Department of Anesthesiology, University Medical Center Regensburg, Franz Josef Strauss Allee 11, 93053, Regensburg, Germany.
Eur J Med Res. 2019 Jan 28;24(1):5. doi: 10.1186/s40001-019-0365-x.
Cancer, one of the leading causes of death worldwide, develops when the normal balance between mitosis and apoptosis is disrupted. The subsequently increased proliferation rate or decreased apoptosis rate of cells leads to uncontrolled cellular growth. Thus, the current aim of cancer research is to increase the apoptosis rate in tumor cells-while limiting the concurrent death of healthy cells-and to induce controlled apoptosis in abnormal cells. Staurosporine is a very potent inducer of apoptosis because it inhibits many different kinases. So far, many different kinase pathways of staurosporine-induced apoptosis have been discussed for various tumor entities.
To identify the effect of staurosporine in pancreatic and colorectal carcinoma cells and its apoptosis-inducing signaling pathway.
The apoptosis rate in pancreatic and colorectal carcinoma cells was analyzed by annexin V staining after staurosporine administration. Staurosporine stimulation and its effects on the expression of Bcl2, BAX, Bad, caspase-8, and caspase-9 were investigated with immunoblot.
Staurosporine significantly increased apoptosis in pancreatic carcinoma cells. Western blot analysis showed activation of caspase-9 in PaTu 8988t and Panc-1 cells with 1 µM staurosporine. In addition, expression of Bcl2 and Bad was decreased in PaTu 8988t cells. In colorectal carcinoma cells SW 480, staurosporine stimulation did not induce apoptosis.
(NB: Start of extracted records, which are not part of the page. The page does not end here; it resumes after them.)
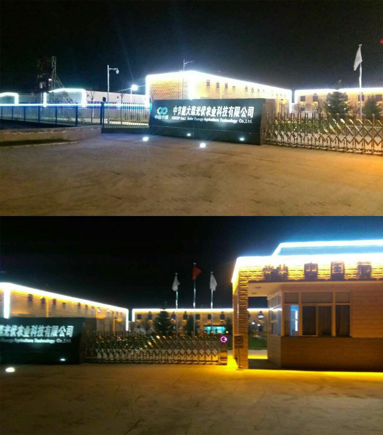 簡(jiǎn)介—— 中節(jié)能大荔光伏農(nóng)業(yè)科技有限公司廠區(qū)亮化項(xiàng)目,是我們陜西蘭光照明2015年承接的亮化工程。公司設(shè)計(jì)師根據(jù)廠家要求簡(jiǎn)單實(shí)用的特點(diǎn),整個(gè)廠區(qū)的設(shè)計(jì)全部采用線條燈和輪廓燈,將整個(gè)廠區(qū)的廠房、大門、廠區(qū)道路、辦公樓以輪廓勾勒的形式展現(xiàn)出來(lái),照亮整個(gè)廠區(qū),達(dá)到客戶廠區(qū)樓宇亮化需求。
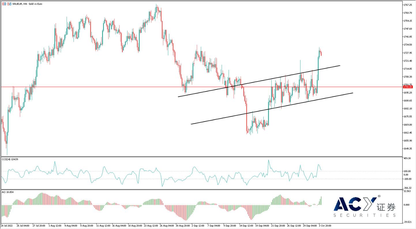 从欧元黄金四小时图来看,金价非但没有跌破前低,反而在震荡后连续上涨。昨日受到美国制造业低迷以及英国减税政策终止等消息面影响,金价突破了前高点1700大关的阻力区间,并击穿了旗形中继结构的上沿阻力,CCI趋势指标也同时突破+100大关。考虑到美元保持强势,俄罗斯战争未平,北溪管道遭到爆破,欧洲的危机正在愈演愈烈,而欧元仍将处在弱势当中。整体来看,交易策略应该以短线回踩做多为主,重点关注上升通道与旗形结构在1700大关提供的支撑效果。可以配合AO柱线上穿零线的的多头信号,提高入场胜率。目标位置可以先看上方1730关口。
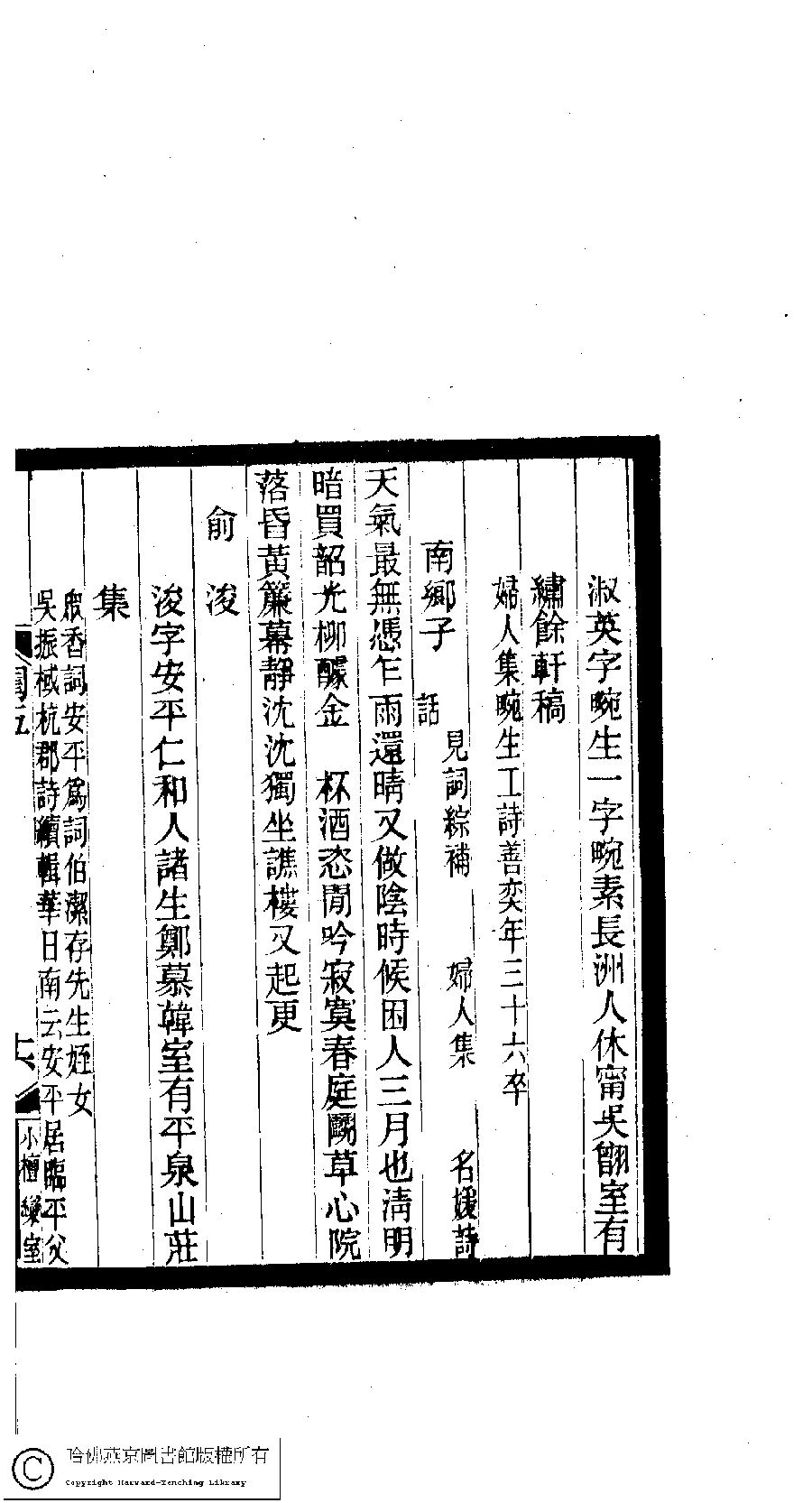 | (PRINT FRIENDLY VERSION) 閨秀詞鈔﹕十六卷(清徐乃昌輯)。清宣統元年(1909)小檀欒室刻本。 ![]() Page : 5.16b | click for larger image | 閨秀詞鈔﹕十六卷(清徐乃昌輯)。清宣統元年(1909)小檀欒室刻本。![]() Page : 5.16a | click for larger image | Back |

Modern therapeutic strategies for tumor diseases target the efficient modulation of specific signaling and transcription pathways. In this respect, the therapeutic potential of protein kinase inhibitors has been repeatedly discussed. Our study showed that staurosporine induces apoptosis in pancreatic carcinoma cells via the intrinsic signaling pathway. Thus, staurosporine is a suitable positive control for in vitro apoptosis tests for the pancreatic cancer cell lines PaTu 8988t and Panc-1. Further clinical studies should analyze the impact of this finding on cancer treatment.
癌症是全球主要死因之一,当有丝分裂和细胞凋亡之间的正常平衡被打破时,癌症就会发生。细胞的增殖率增加或凋亡率降低,导致细胞不受控制地生长。因此,癌症研究的当前目标是增加肿瘤细胞中的凋亡率——同时限制健康细胞的同步死亡——并诱导异常细胞的可控凋亡。星形孢菌素是一种非常有效的凋亡诱导剂,因为它可以抑制许多不同的激酶。到目前为止,已经针对各种肿瘤实体讨论了星形孢菌素诱导凋亡的许多不同的激酶途径。
确定星形孢菌素对胰腺和结直肠癌细胞的作用及其诱导凋亡的信号通路。
用星形孢菌素处理后,通过 Annexin V 染色分析胰腺和结直肠癌细胞的凋亡率。用免疫印迹法研究星形孢菌素刺激及其对 Bcl2、BAX、Bad、caspase-8 和 caspase-9 表达的影响。
星形孢菌素显著增加胰腺癌细胞的凋亡。Western blot 分析显示,1µM 星形孢菌素激活了 PaTu 8988t 和 Panc-1 细胞中的 caspase-9。此外,PaTu 8988t 细胞中 Bcl2 和 Bad 的表达减少。在结直肠癌细胞 SW 480 中,星形孢菌素刺激不会诱导凋亡。
肿瘤疾病的现代治疗策略针对特定信号和转录途径的有效调节。在这方面,蛋白激酶抑制剂的治疗潜力已被反复讨论。我们的研究表明,星形孢菌素通过内在信号通路诱导胰腺癌细胞凋亡。因此,星形孢菌素是 PaTu 8988t 和 Panc-1 胰腺癌细胞系体外凋亡试验的合适阳性对照。进一步的临床研究应分析这一发现对癌症治疗的影响。